Joan Rabascall

Barcelona, 1935

He trained at the Escola Massana in Barcelona and at the École nationale supérieure des
Beaux-arts in Paris, where he has lived and worked since 1962. In the 1960s he came
into contact with the critics Lawrence Alloway and Pierre Restany, and with the avant-garde groups
Independent Group in England and Noveaux Réalistes in France, which revived representational techniques and aesthetic and ethical positions close to Berlin Dadaism. He collaborated in the “ceremonials” organised in 1969 and 1970 by the group of Catalan artists based in Paris, Miralda, Benet Rossell and Jaume Xifra.
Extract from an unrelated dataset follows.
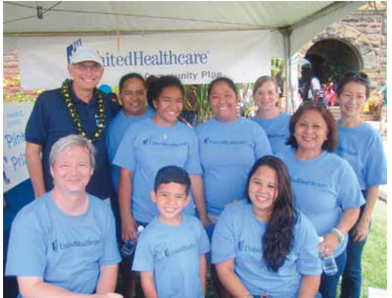
제 6회 연례 YMCA 건강한 아동의 날, 호놀룰루

Although he initially practised collage, he soon incorporated photomontage and the assemblage of images and objects in installations and photographic series. Rabascall has focused his work on criticising the mediatised image and the model of life imposed by the media. Using iconography and texts typical of the mass media, he highlights their implicit manipulation. One of the
recurring elements in his work is television, which he approaches from multiple
perspectives: as an icon, object, souvenir, sculpture, an instrument of communication and fetish. He has often organised his work in series or groups of works around the
same theme. In the 1980s he began a conceptual reflection on
painting and, later, on the concept of landscape and its role in the new ecological paradigm. As a whole, Rabascall’s work constitutes a critical look at the everyday mythologies of the present.